Interpreter: (the count is the parameter count to pass to the code)
    doProc0(ulong key)ulong,
    doProc0Top(ulong key)ulong,
    doProc1(ulong key; *char par1)ulong,
    doProc1Top(ulong key; *char par1)ulong,
    doProc2(ulong key; *char par1, par2)ulong,
    doProc2Top(ulong key; *char par1, par2)ulong,
    doProc3(ulong key; *char par1, par2, par3)ulong,
    doProc3Top(ulong key; *char par1, par2, par3)ulong,

Nope, this isn't working. Too many of the key routines (e.g. the parser)
are not exported to other server code, since it doesn't use them - they
are only exported as builtin functions to MUD code.
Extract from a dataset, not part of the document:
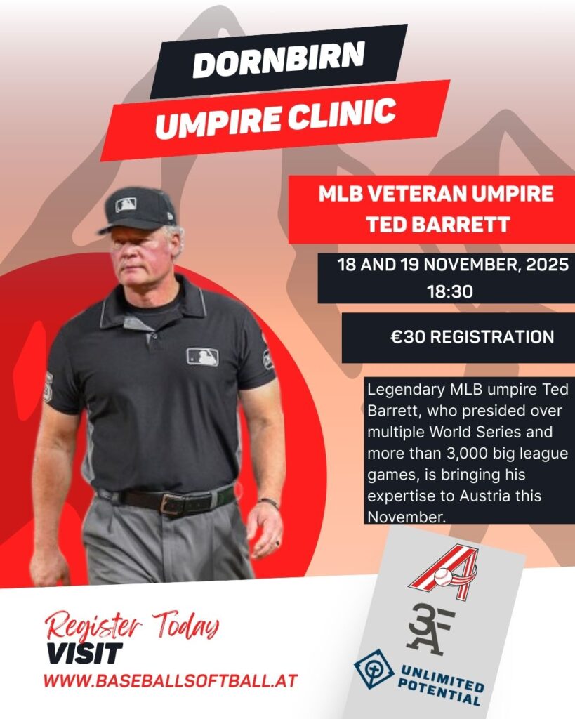 - Austrian Baseball and Softball Federation Convention (BSFZ Maria Alm/Hintermoos, November 14–16): Barrett will be a featured speaker, offering insights into professional umpiring at the highest level.

Looking at the few hundred routines exported across pieces of my server,
I'd say that its not a good example. :-)

:I think we could do the same general thing with a MUD, allowing someone
:to easily plug a new command set or builder interface or programming
:language or server core into the game. In other words, we could make it
:modular, with any and all of the modules interchangeable within their
:own function set. Working to this sort of standard would allow us to
:write whatever weird and wonderful things we want, with the assurance
:that as long as it conforms to the API it's going to work well with
:other pieces.

Lets just say I'm quite sceptical. I'm interested in seeing this sort
of thing tried, mostly to see how far it can be taken, but in real life,
something of this complexity is going to grow some warts.